New York City is a divine design destination

Every year, more than a dozen interior designers pour out their hearts and wallets to produce breathtaking rooms for the Kips Bay Decorator Show House for the benefit of the Kips Bay Boys and Girls Club. This year is no exception.

To celebrate their 45th anniversary, designers have outdone themselves again, decorating an upscale townhouse in New York’s Upper East Side. These decorator shows are fascinating, as they are the testing ground for what is new in interior design.

The current wall color trends still revolve around darker tones. Emerald green, fog gray and almost black are just some of the colors to offset lighter wood tone furniture with lots of accents in alabaster and white and jewel tones. While decorator show houses are usually a smorgasbord of design styles, this year’s interior designers displayed a nod toward boho-chic styling and eclectic contemporary interiors. Always interesting and always pushing the envelope, this show is not to be missed.

• Look out as Kips Bay spearheads another decorator show house in Palm Beach, Florida, later this year around Thanksgiving. A 1925 Mediterranean Revival house will host 15 to 20 national and local interior designers showcasing their work. Save the Date: Opening Nov. 24.

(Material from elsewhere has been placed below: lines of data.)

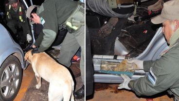 Durante la requisa, los agentes sumaron el apoyo de Larry. Tras olfatear el automóvil, el perro antidrogas reaccionó al pasar cerca del sector del zócalo ubicado en la puerta delantera, del lado del conductor, según informaron desde el Ministerio de Seguridad de la Nación.
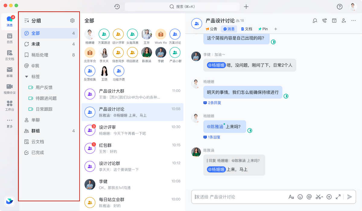 為進一步提升個人的信息處理效率,讓重度用户可以從爆炸的信息中過濾出“有效信息”與“緊急信息”。飛書推出了“分組”功能——消息太多時,可支持用户手動或自動添加分組,按“@我”、“未讀”、“單聊”、“雲文檔”等類別整理會話。
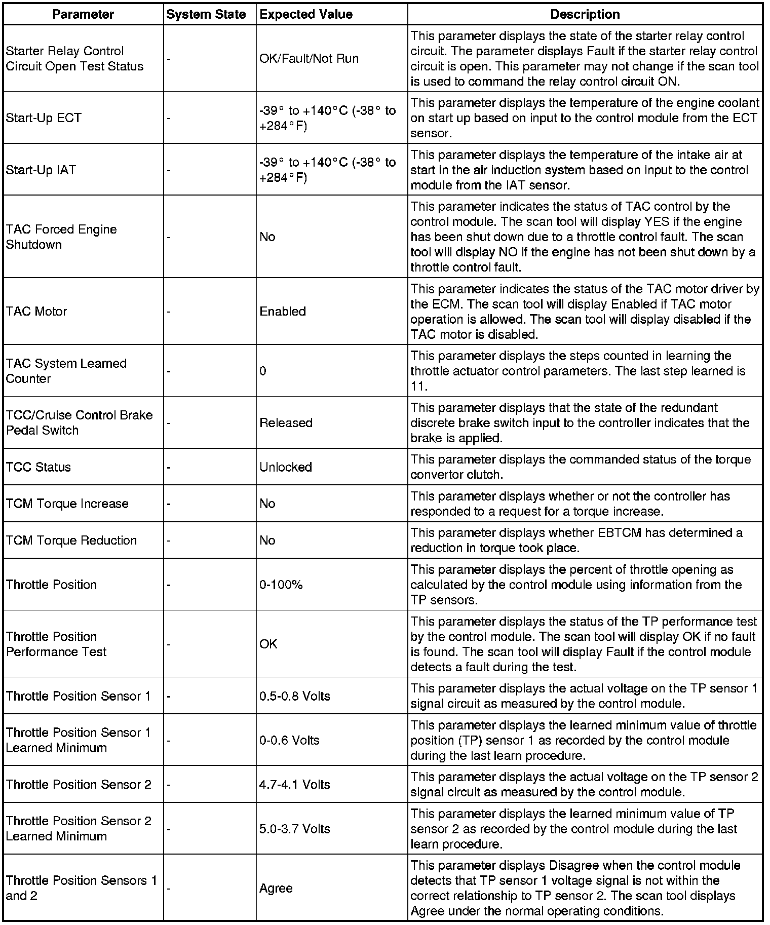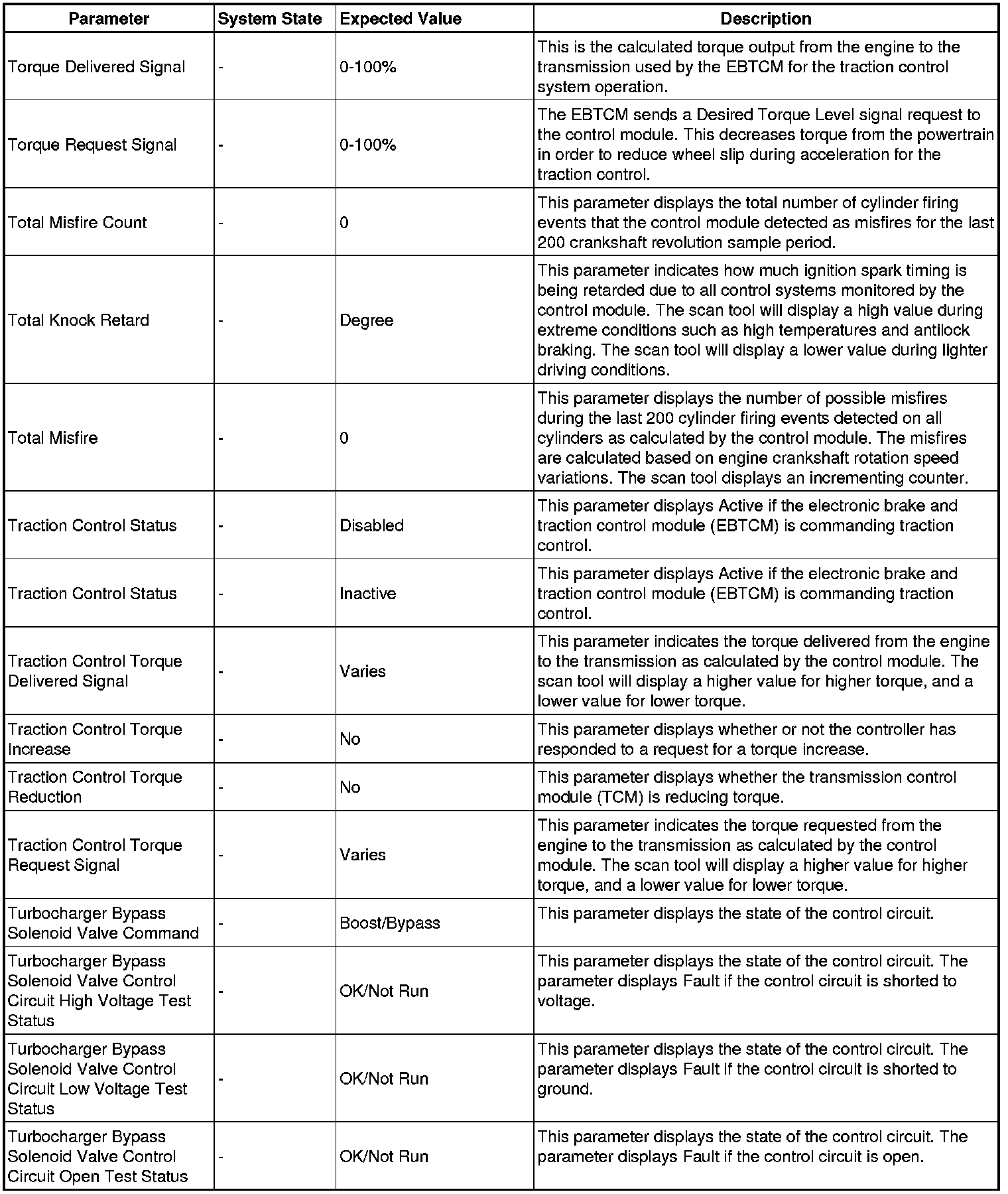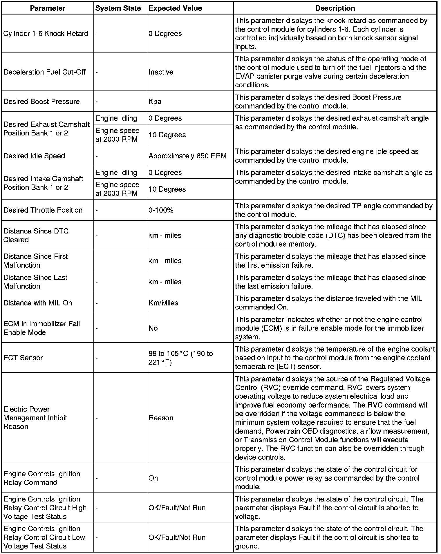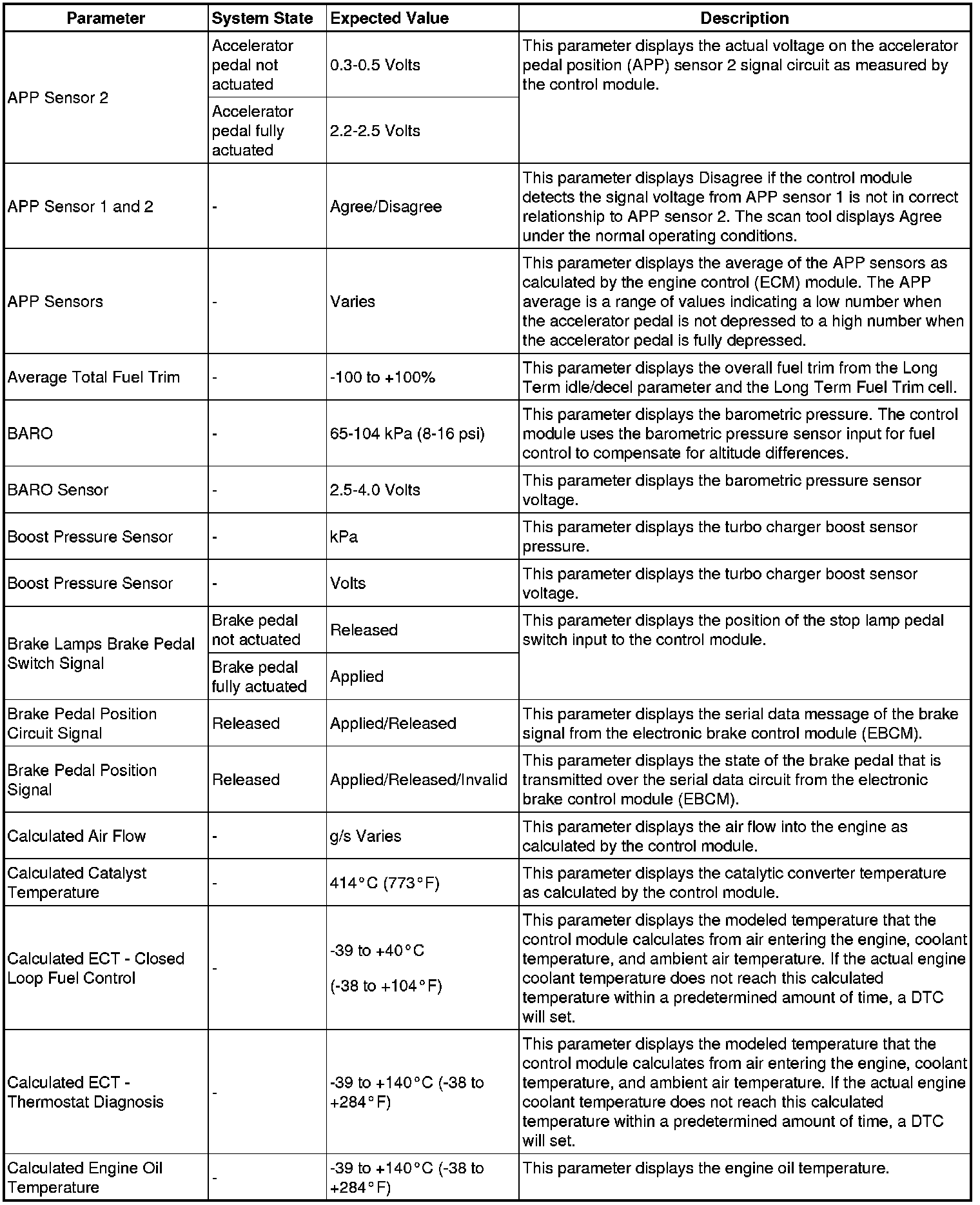 The Engine Control Module Scan Tool Data List contains all engine-related parameters that are available on the scan tool. The list is arranged in alphabetical order. A given parameter may appear in any one of the data lists, and in some cases may appear more than once, or in more than one data list in order to group certain related parameters together.

• Bridging architecture and fashion, the work of Tokyo-based designer Rei Kawakubo of Comme des Garcon is on exhibit with an aptly titled show: Art of the In-Between at the Metropolitan Museum. Every garment artfully creates an interesting dialogue between “object” and “space.” Kawabuko breaks down the notion of what can be used as creation and recreation with the variety of materials and patterns. While some pieces could conceivably be runway fashion, others are just for admiring or lie somewhere in between. The show runs at The Met through Sept. 4.

• Hunger pangs a calling! Head to Chaan Teng, Hell’s Kitchen’s newest and hippest Chinese eatery. This unexpectedly elegant restaurant is the brainchild of Chef Pichet Ong, formerly of Jean-George’s Spice Market. Don’t expect to find traditional dishes. He is masterful at twisting and innovating Chinese cuisine. The interior decor is also a smart play at reinterpreting Chinese decor. The color palette is a takeoff of the blue and white pottery that is artfully displayed on a back wall of the restaurant. Dark blue walls and veillike trellised screens move about the room to create spaces for more or less tables, and keeps constantly changing the views of the diners. Toile wallpaper with contemporary depictions in blue and white adorn the back wall of the sidewalls. This displays a fresh approach to both cuisine and interior design.

What’s in today is out tomorrow. New York’s offerings are always in evolution and a sure reason for you to want to visit again and again. This is why I love New York!